За его спиной стояли двое. Один держался за левый бок — рубашка бурая, пальцы скользкие. Второй озирался, нервно, по-крысиному, облизывая губы.
— Мама, — прошептала Катя.
Ашот шагнул к кровати. Посмотрел на девочку, на её неподвижные ноги, на подушку, подложенную под колени.
— Это кто?
— Дочь, — сказала Марьяна.
— Ходит?
— Нет.
Ашот кивнул, словно чего-то посчитал в голове. Потом сел на табурет, по-хозяйски раздвинув ноги. Положил фонарик на стол, луч упёрся в стену.
— Лечи моих. А то… — Он не договорил, только дёрнул подбородком в сторону Кати. Жест был короткий, но Марьяна его поняла.
Она поняла.
И встала. Спокойно. Открыла аптечку, достала бинт, спирт, ампулы. Руки делали привычное: двадцать лет — двадцать лет от села к селу, от вызова к вызову, от чужой боли к чужой боли. Руки знали, что делать. Голова — тоже.
За четыре часа до этого Марьяна сидела на крыльце.
Белое море дышало в темноте, невидимое, но слышное — тяжёлое, усталое, как старик в соседней комнате. Фонарь маяка проворачивался высоко на мысу, чертя жёлтую полосу по воде. Раз. Пауза. Раз.

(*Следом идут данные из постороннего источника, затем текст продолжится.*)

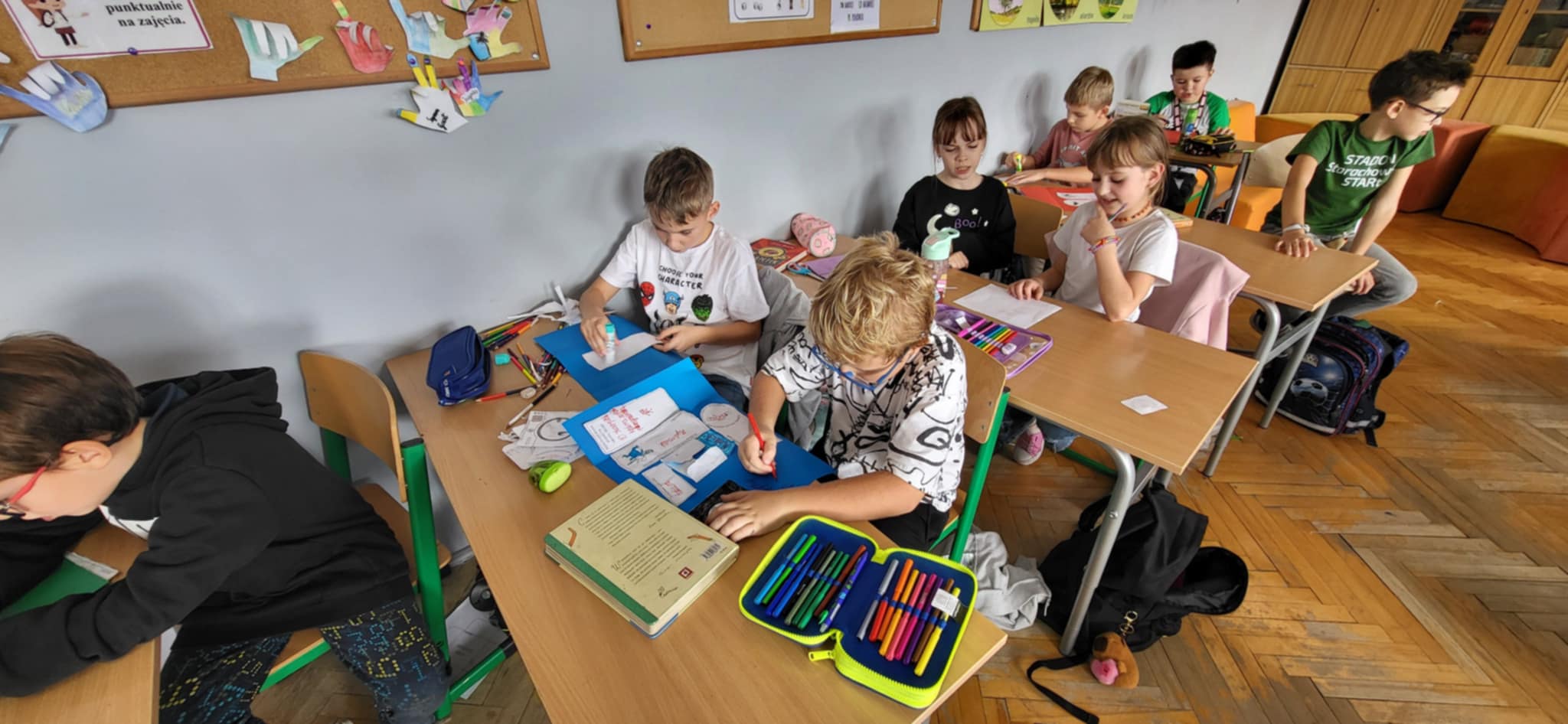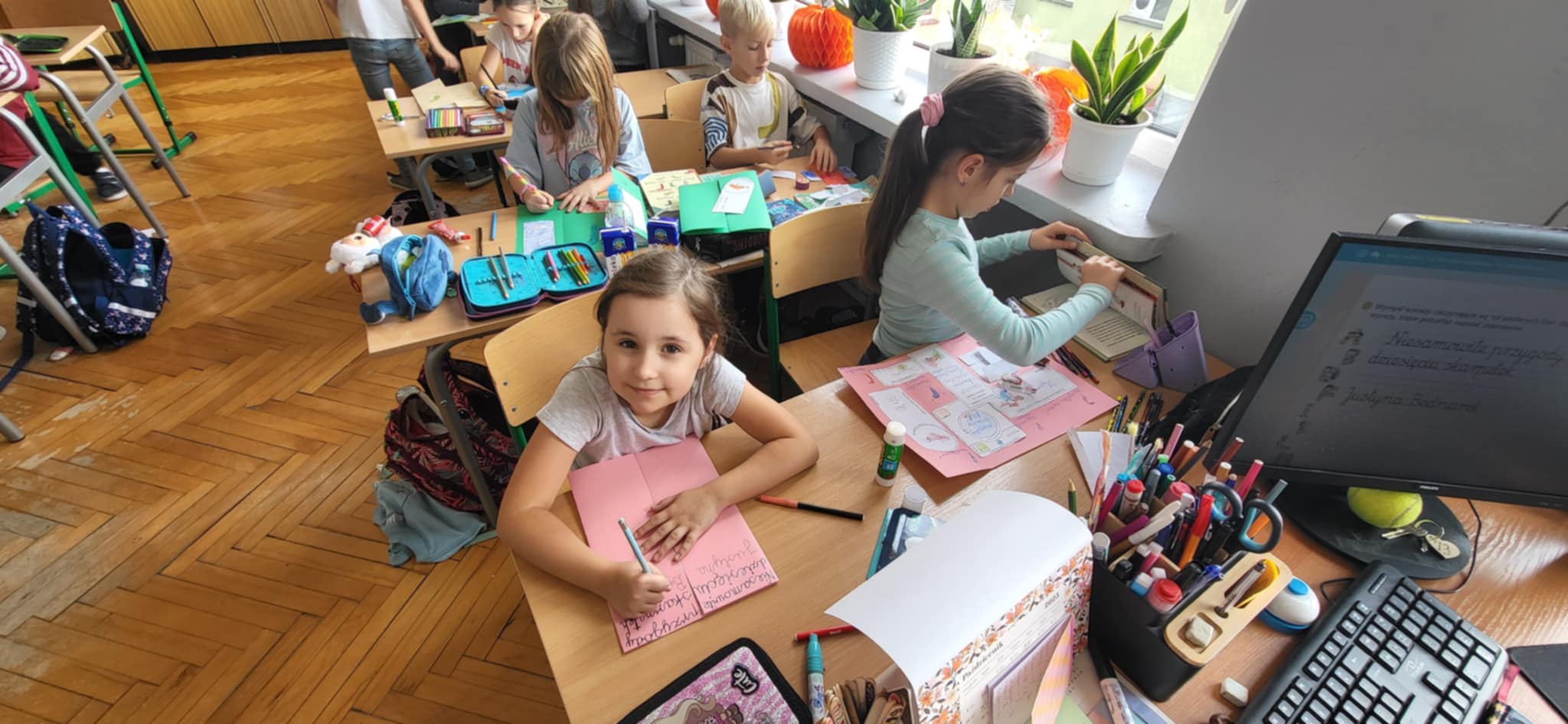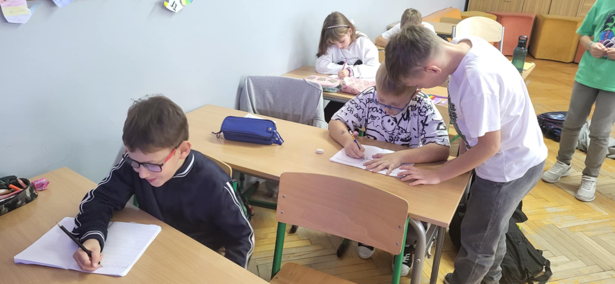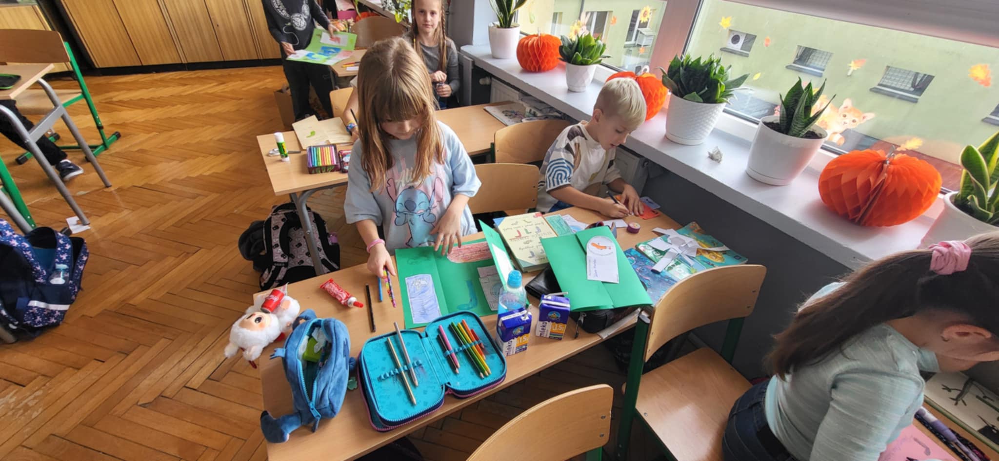 Podczas lekcji języka polskiego pisaliśmy dyktando biegane – wesołą i ruchliwą alternatywę dla tradycyjnej nauki ortografii. Nie zabrakło też pracy z lekturą – tworząc lapbooki do książki „Niesamowite przygody dziesięciu skarpetek” Joanny Bednarek, wykazaliśmy się pomysłowością i kreatywnością. W tym miesiacu wspieraliśmy również kiermasz charytatywny oraz zbiórkę karmy dla Schroniska w Rudniku.
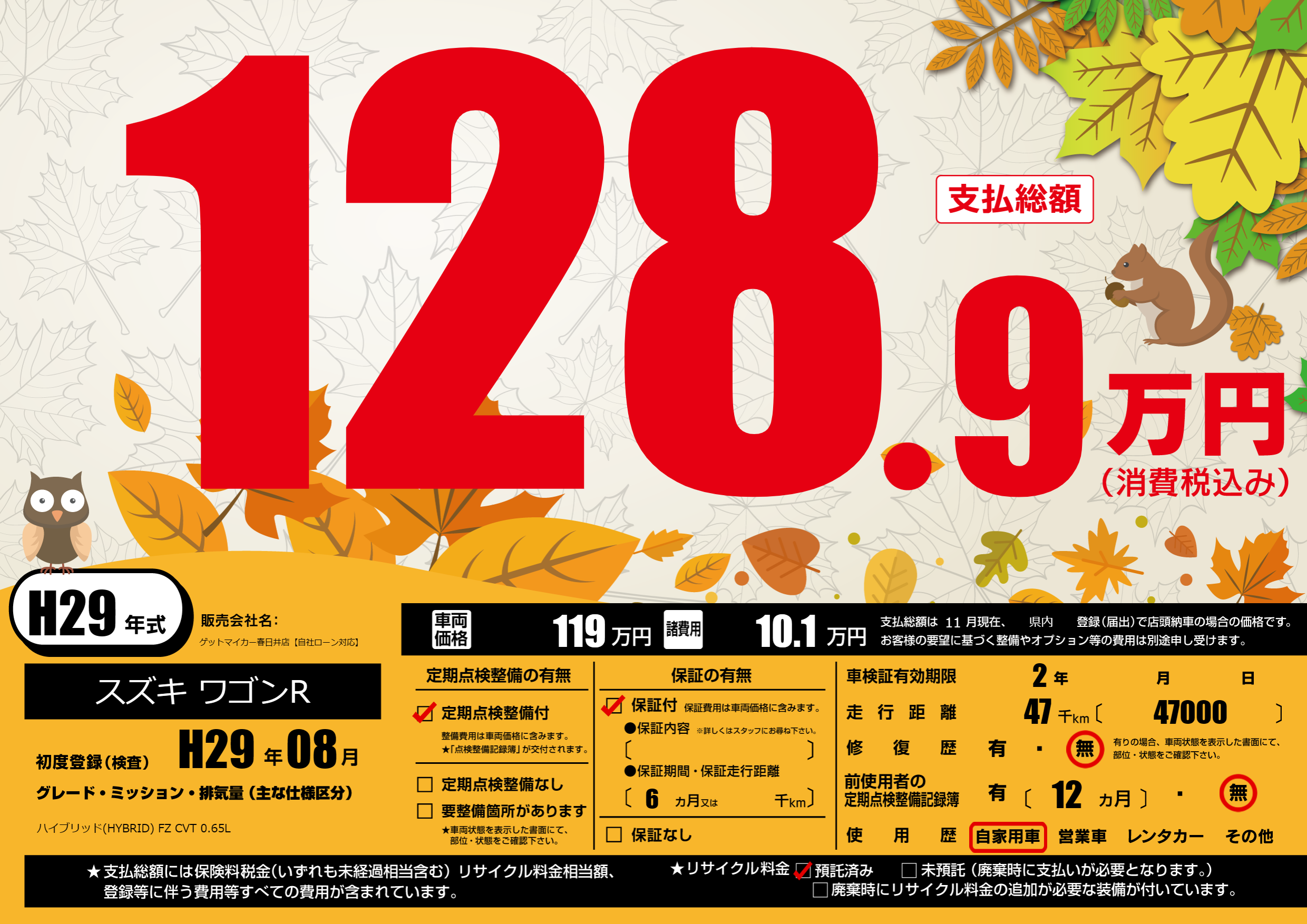 | 走行キロ | 4.7万km | 初年度登録 | H29年08月 |
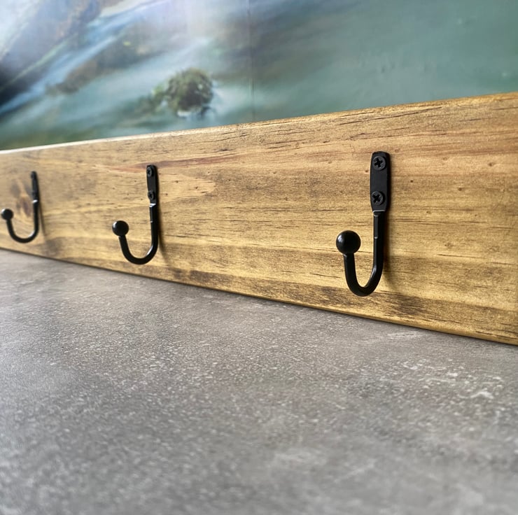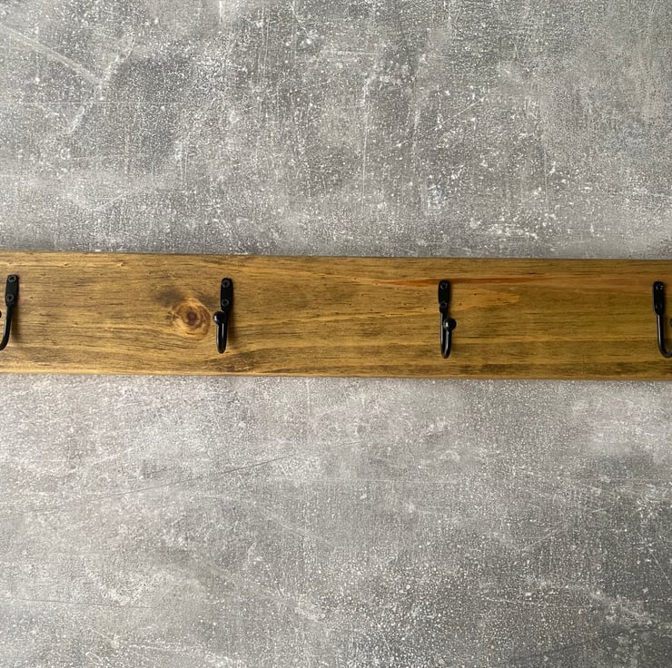 A rustic wooden coat rack made from reclaimed timber with a dark oak finish and 4 metal coat hooks. It has keyhole slots on the back so is ready to mount onto a wall. 50 cm long
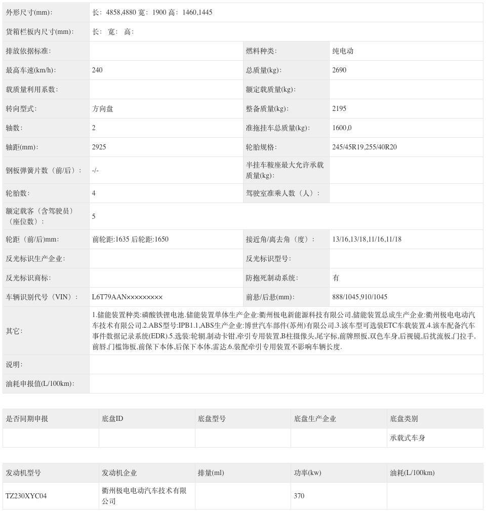 尺寸方面,新车长宽高分别为4858(4880)/1900/1460(1445)mm,轴距为2925mm。申报信息显示,新车同样提供19英寸和20英寸轮圈,轮胎规格为245/45 R19,255/40 R20。
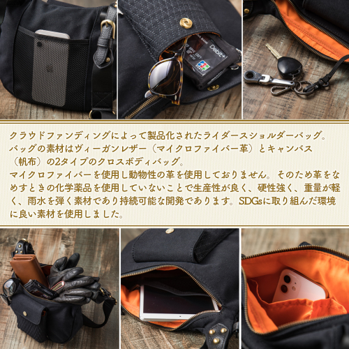 クラウドファンディングによって製品化されたライダースショルダーバッグ。
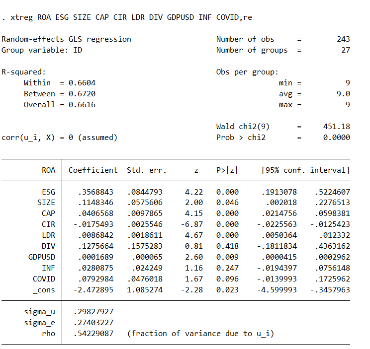 Chạy hồi quy REM bằng câu lệnh: xtreg Y X1-Xn, re
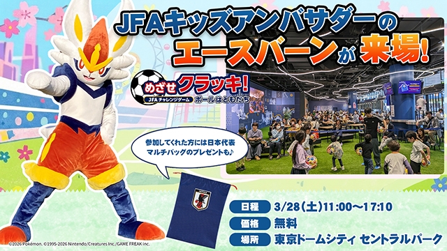 3月28日(土)に東京ドームシティのセントラルパークで、東京ドームシティの春やすみ2026と連動した「JFA チャレンジゲーム めざせクラッキ!」を“特別バージョン”として実施します!JFAキッズアンバサダーのエースバーンも来場予定。
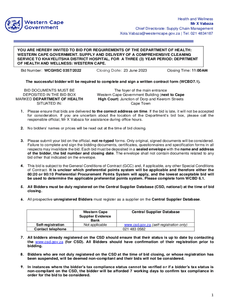 Xola.Vabaza@westerncape.gov.za | Tel: 021 4834187YOU ARE HEREBY INVITED TO BID FOR REQUIREMENTS OF THE DEPARTMENT OF HEALTH:
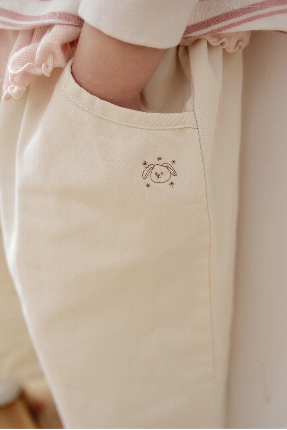 ポケットの下に小さくて可愛い子犬の刺繍がポイント
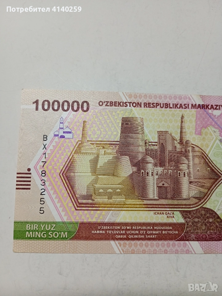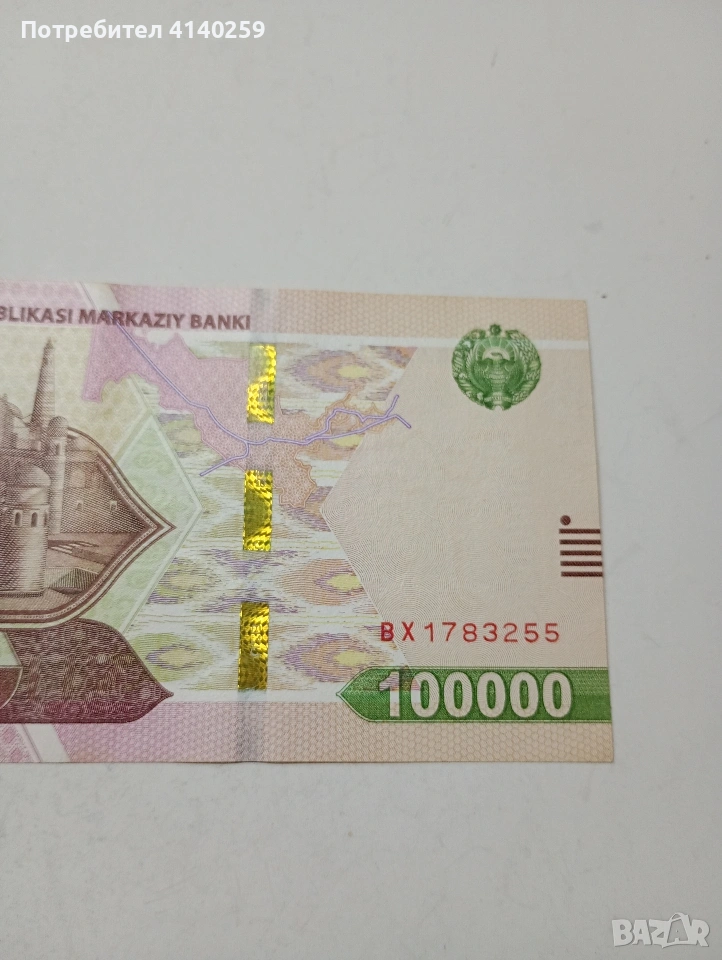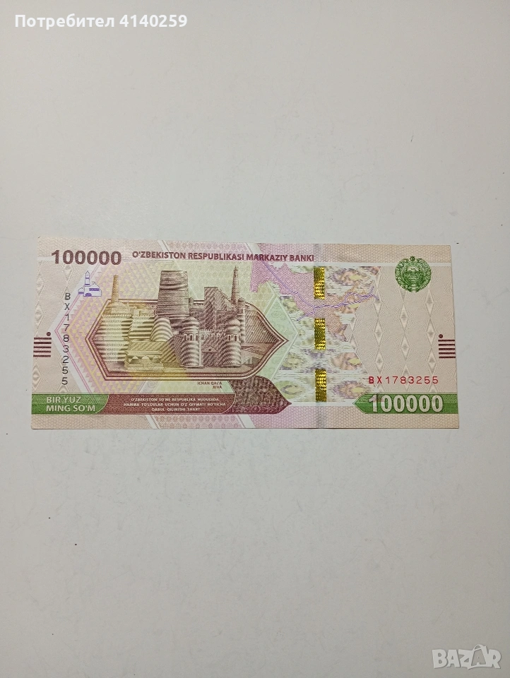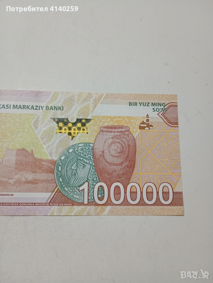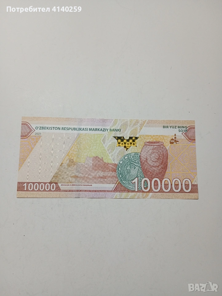 УЗБЕКИСТАН БАНКНОТА 100,000 СОМА 2021 Г СЪСТОЯНИЕ НОВО ПОЛУЧАВАТЕ СНИМАНАТА БАНКНОТА РАЗГЛЕДАЙТЕ ДРУГИТЕ МИ ОБЯВИ ДА КОМБИНИРАТЕ ДОСТАВКА ЕКОНТ ЗА ВАРНА ЛИЧНО

Бутылка стояла у ног — початая, тёплая. Марьяна не пила сегодня. Открыла — и не стала. Сама удивилась.
— Слышь, Лёш, — сказала в темноту. — Серёга Кате ёлку вырезал из коряги. Маленькую. Она её на подушку положила. Не отпускает.
Море ответило, как всегда: плеском, равнодушным и солёным.
Лёша Тарасенко утонул два года назад. Вышел на лодке в октябре, один, ночью. Лодку прибило к камням у Горелого мыса, а тело нашли через неделю, в шести километрах к северу. Участковый Дениченко написал в протоколе «несчастный случай в состоянии алкогольного опьянения» — и все кивнули, потому что это была та правда, которая устраивала всех.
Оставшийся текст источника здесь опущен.